Power gained by the quest was not given once for all, as in quasiautomatic rites of passage; on the contrary, a Plains visionary's quest always placed him at risk. "I mistrust visions come by in the easy way—by swallowing something. The real insight, the great ecstasy," Lame Deer protests (217; cf. 64–65), comes from "the hard, ancient way" of the vision quest, with its demanding rigors and intrinsic uncertainty. Success was by no means guaranteed, and a "persistent record of failure" (Benedict 1923, 25) typifies many Plains accounts. "Sometimes men quest and don't see or experience a thing. In fact," Fools Crow says (Mails 1979, 86), "not many people do manage it successfully."
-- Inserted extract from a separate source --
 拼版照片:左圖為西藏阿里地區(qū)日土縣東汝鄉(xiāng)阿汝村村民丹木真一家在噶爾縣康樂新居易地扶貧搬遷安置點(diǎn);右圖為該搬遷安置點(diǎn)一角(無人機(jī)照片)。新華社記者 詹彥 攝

Some acknowledged lifelong failure; others pretended visions not seen; still others succeeded after several tries. Nor were success and failure, sincerity and pretense, always clearly distinct, especially once tribal traditions began to crumble. A displaced Winnebago whose autobiography Radin recorded confessed (1926, 26) he had seen "nothing unusual" during a four-day quest in which he claimed a vision; but after learning his boasts had helped a niece in labor, "I was really convinced that I possessed sacred power" and "the authority of a great medicine man" (137). The spirit moves in unpredictable ways, and who can be certain when—or whether—he was deceiving himself, or others?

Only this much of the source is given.